What needs to be done: Print the material below exactly as it stands, please, from its first line to the line holding "室溫時(shí),對(duì)100 mL氯化鈉飽和溶液作如下操作,最終甲、乙兩燒杯中溶液 ( )", with no pictures.

Provided records:
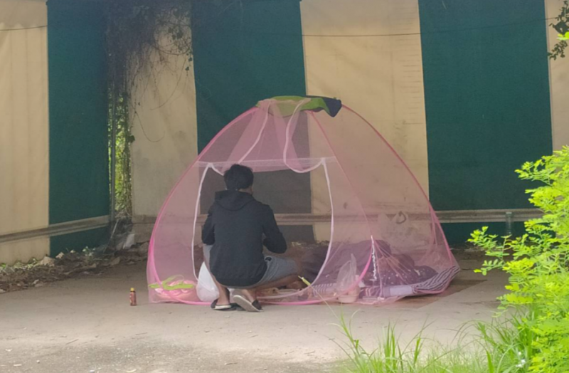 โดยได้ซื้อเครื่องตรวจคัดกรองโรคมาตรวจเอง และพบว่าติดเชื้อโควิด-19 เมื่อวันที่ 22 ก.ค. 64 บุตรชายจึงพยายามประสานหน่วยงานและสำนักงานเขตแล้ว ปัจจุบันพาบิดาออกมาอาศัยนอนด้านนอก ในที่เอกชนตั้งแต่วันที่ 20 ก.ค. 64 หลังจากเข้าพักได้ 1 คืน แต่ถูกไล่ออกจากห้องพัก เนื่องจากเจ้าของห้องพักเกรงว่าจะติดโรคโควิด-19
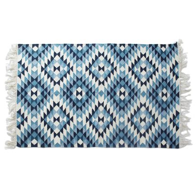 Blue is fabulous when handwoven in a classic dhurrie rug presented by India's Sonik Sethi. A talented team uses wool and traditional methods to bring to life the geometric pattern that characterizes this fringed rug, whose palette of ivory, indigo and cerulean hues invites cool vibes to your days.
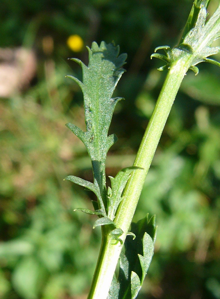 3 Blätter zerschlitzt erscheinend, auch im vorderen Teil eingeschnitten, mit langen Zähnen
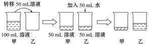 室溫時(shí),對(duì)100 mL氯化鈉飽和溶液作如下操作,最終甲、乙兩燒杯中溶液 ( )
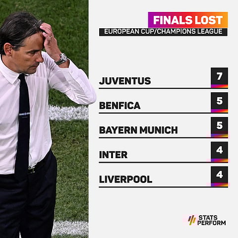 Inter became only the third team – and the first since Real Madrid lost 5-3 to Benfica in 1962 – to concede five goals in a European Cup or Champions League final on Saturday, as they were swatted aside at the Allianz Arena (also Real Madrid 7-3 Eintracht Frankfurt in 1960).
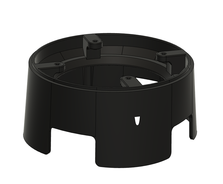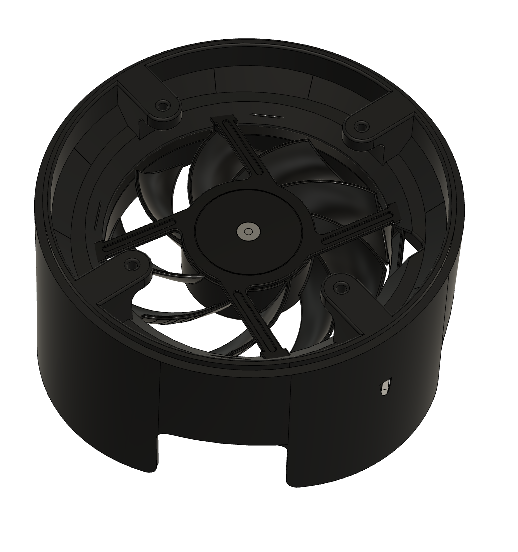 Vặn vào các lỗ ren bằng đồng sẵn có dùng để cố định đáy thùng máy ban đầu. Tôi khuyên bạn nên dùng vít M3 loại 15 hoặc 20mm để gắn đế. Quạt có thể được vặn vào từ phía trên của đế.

The answer:
 โดยได้ซื้อเครื่องตรวจคัดกรองโรคมาตรวจเอง และพบว่าติดเชื้อโควิด-19 เมื่อวันที่ 22 ก.ค. 64 บุตรชายจึงพยายามประสานหน่วยงานและสำนักงานเขตแล้ว ปัจจุบันพาบิดาออกมาอาศัยนอนด้านนอก ในที่เอกชนตั้งแต่วันที่ 20 ก.ค. 64 หลังจากเข้าพักได้ 1 คืน แต่ถูกไล่ออกจากห้องพัก เนื่องจากเจ้าของห้องพักเกรงว่าจะติดโรคโควิด-19
 Blue is fabulous when handwoven in a classic dhurrie rug presented by India's Sonik Sethi. A talented team uses wool and traditional methods to bring to life the geometric pattern that characterizes this fringed rug, whose palette of ivory, indigo and cerulean hues invites cool vibes to your days.
 3 Blätter zerschlitzt erscheinend, auch im vorderen Teil eingeschnitten, mit langen Zähnen
 室溫時(shí),對(duì)100 mL氯化鈉飽和溶液作如下操作,最終甲、乙兩燒杯中溶液 ( )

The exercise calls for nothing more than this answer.